In 2010 the academic publisher Palgrave Macmillan published Perry's book, Couch Fiction: A Graphic Tale of Psychotherapy. It is a graphic novel that tells a tale of a psychotherapist and her client, from both their perspectives. Underneath the graphic novel boxes, Perry takes the position of commentator and provides footnotes on what might be going on between them and what theories the therapist is drawing on or should be drawing on. There is an afterword by Andrew Samuels. The book was positively reviewed by newspapers and academic journals.

Perry appeared on BBC Radio 4's The Museum of Curiosity in November 2019. Her hypothetical donation to this imaginary museum was "A swarm of fruit flies".

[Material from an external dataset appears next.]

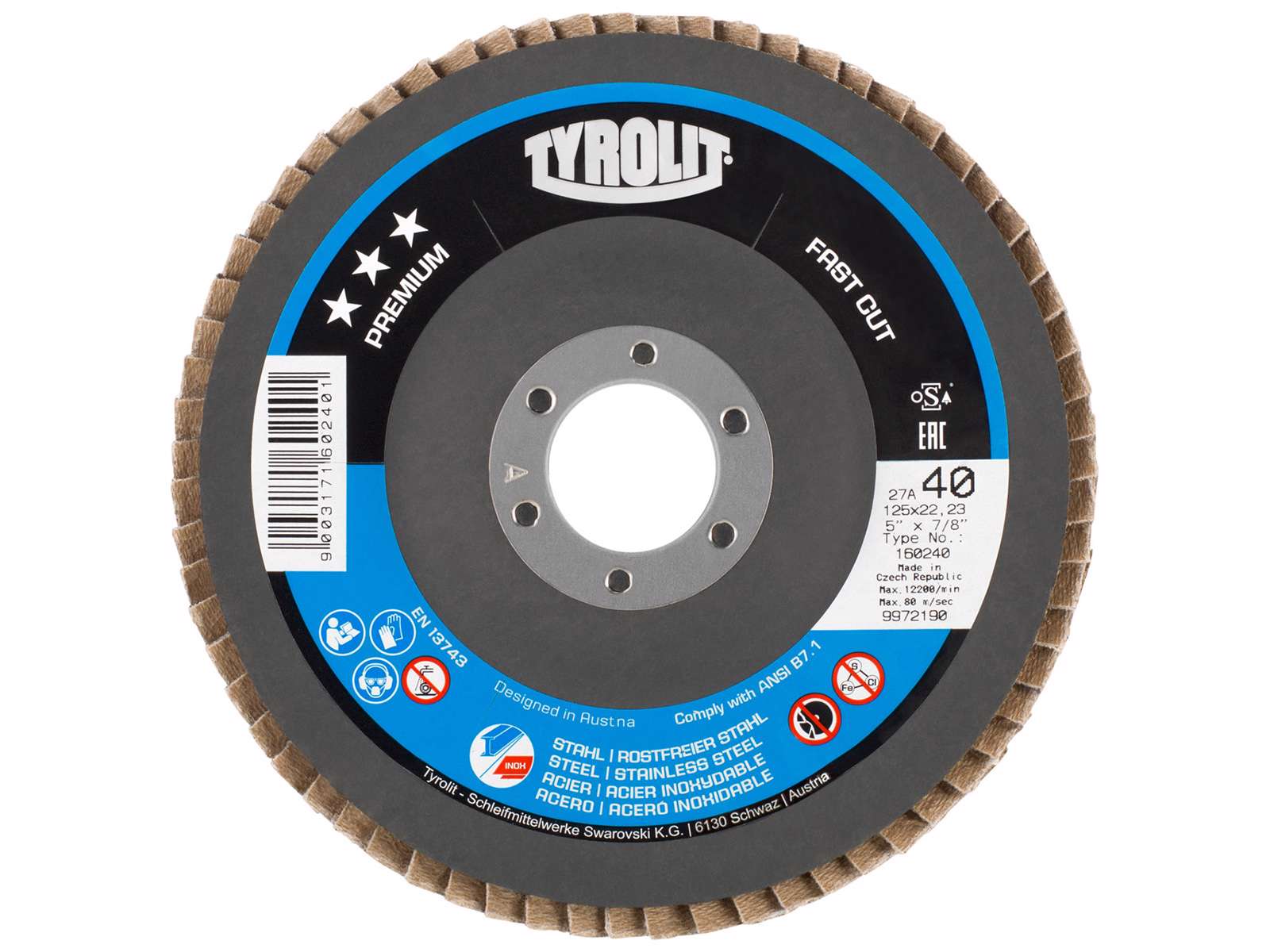 Tyrolit FASTCUT lamelskiven er et effektivt værktøj til krævende slibearbejde, såsom kantslibning og bearbejdning af svejsesømme. Den er velegnet til brug på både rustfrit stål, almindeligt stål og legeret stål. Skiven er lavet med en "Top-Size" belægning, der sikrer kølig slibning, hvilket reducerer risikoen for misfarvning af materialet og mindsker behovet for efterbehandling.

In 2019, Perry and her family appeared on Channel 4's 2019 Celebrity Gogglebox Stand Up To Cancer special. In 2021, Perry appeared on the Celebrity Great British Bake Off special, also for Stand Up to Cancer.

In 2020, Perry co-presented Grayson's Art Club with her husband. The series had over a million viewers a week. It ran to a third series.

In 2023, Perry was awarded an honorary doctorate degree by her alma mater, Middlesex University.

Perry is a monthly agony aunt for Red magazine and, between June 2021 and 2025, wrote for The Observer, until its sale to Tortoise Media. Perry joined other former Observer writers in moving to the online publication The Nerve. In 2026, she released the crime novel Shrink Solves Murder.

==Books==
- Couch Fiction: a Graphic Tale of psychotherapy. Palgrave Macmillan, 2010. With an afterword by Andrew Samuels.
- How to Stay Sane. The School of Life Self Help Series. Pan Macmillan, 2012. Edited by Alain de Botton.
- The Book You Wish Your Parents Had Read (and Your Children Will be Glad That You Did). London: Penguin, 2019.
- The Book You Want Everyone You Love* To Read *and maybe a few don't Cornerstone Press, 2023.
- Shrink Solves Murder Cornerstone Press, 2026.
==Personal life==
She is married to the artist Sir Grayson Perry, and they have a daughter, Flo Perry, born in 1992. The Perrys live in London. She has often been asked what it is like being married to a transvestite and says, "Being the wife of a trannie is great, he always makes me look fantastic". When asked the same question by a Buckingham Palace press officer when the Perrys went to a reception there in 2005, she said, "As obsessions go, it's better than football".